▶ EXERCISE DETAILS
Print the listing below only from the line that has "Pada screenshot dibawah" through the line that has "In the last", exactly, and drop any picture.

▶ DATASET RECORDS
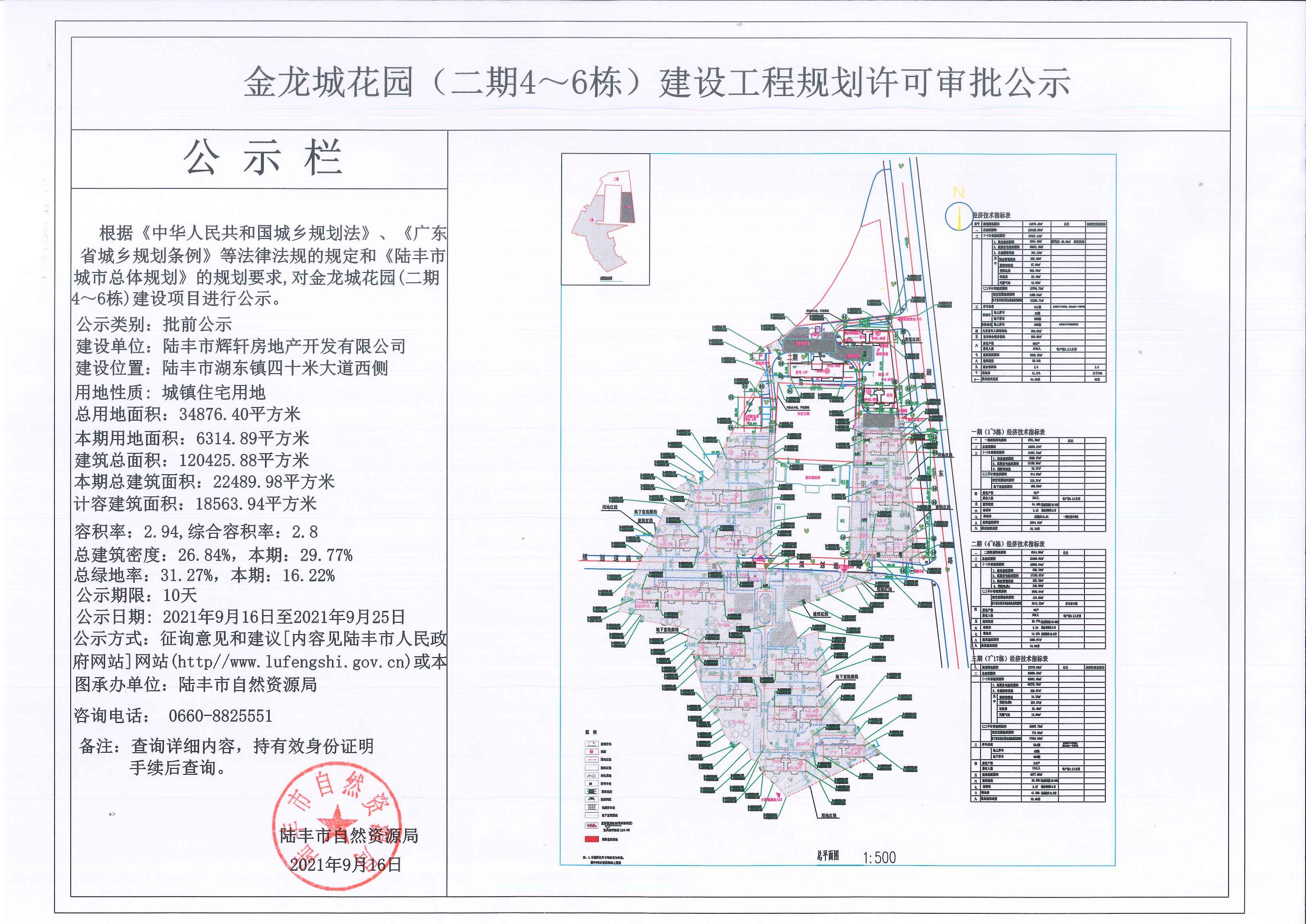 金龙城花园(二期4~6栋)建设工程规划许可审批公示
* * *
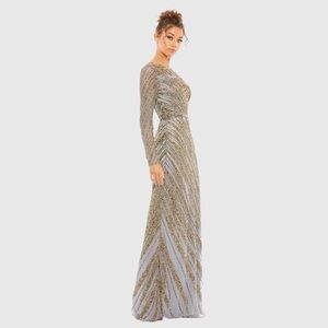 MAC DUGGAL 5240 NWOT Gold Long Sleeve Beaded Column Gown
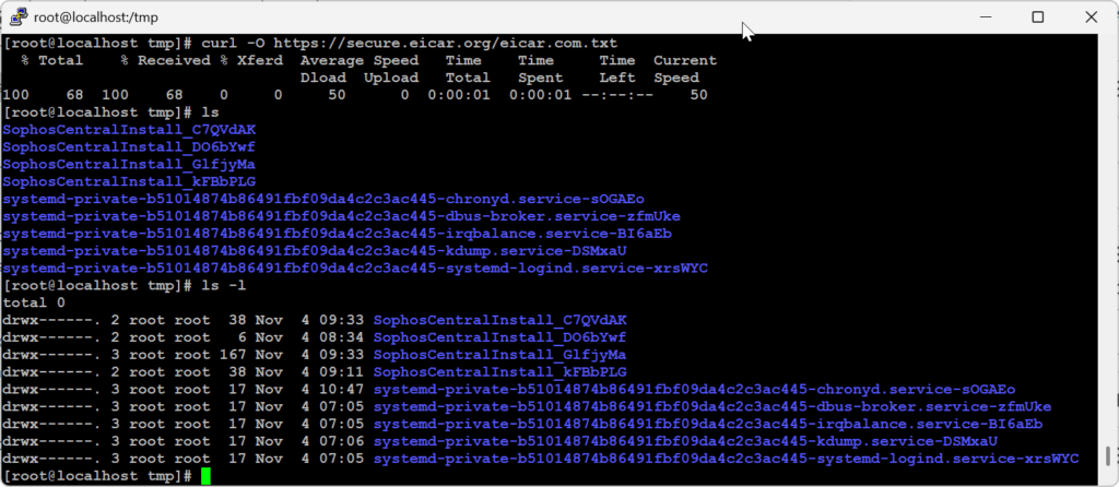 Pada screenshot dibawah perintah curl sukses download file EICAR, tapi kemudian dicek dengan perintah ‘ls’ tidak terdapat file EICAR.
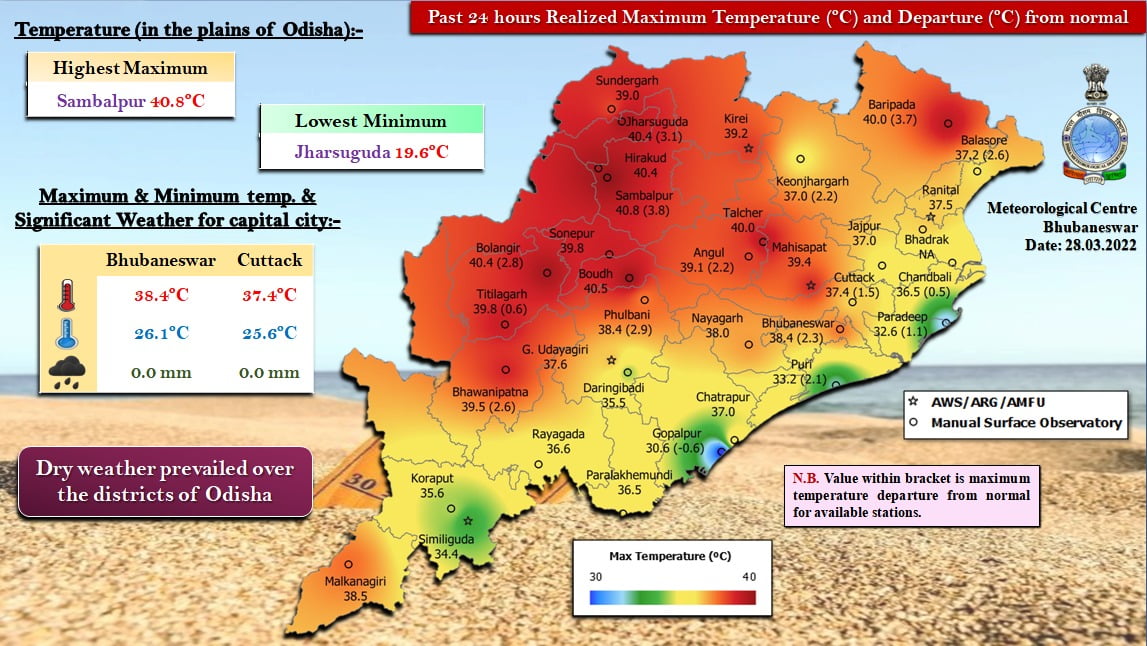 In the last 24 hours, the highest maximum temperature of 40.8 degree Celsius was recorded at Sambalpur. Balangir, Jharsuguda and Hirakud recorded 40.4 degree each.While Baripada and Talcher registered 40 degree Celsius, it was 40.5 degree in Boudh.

▶ WORKED SOLUTION
 Pada screenshot dibawah perintah curl sukses download file EICAR, tapi kemudian dicek dengan perintah ‘ls’ tidak terdapat file EICAR.
 In the last 24 hours, the highest maximum temperature of 40.8 degree Celsius was recorded at Sambalpur. Balangir, Jharsuguda and Hirakud recorded 40.4 degree each.While Baripada and Talcher registered 40 degree Celsius, it was 40.5 degree in Boudh.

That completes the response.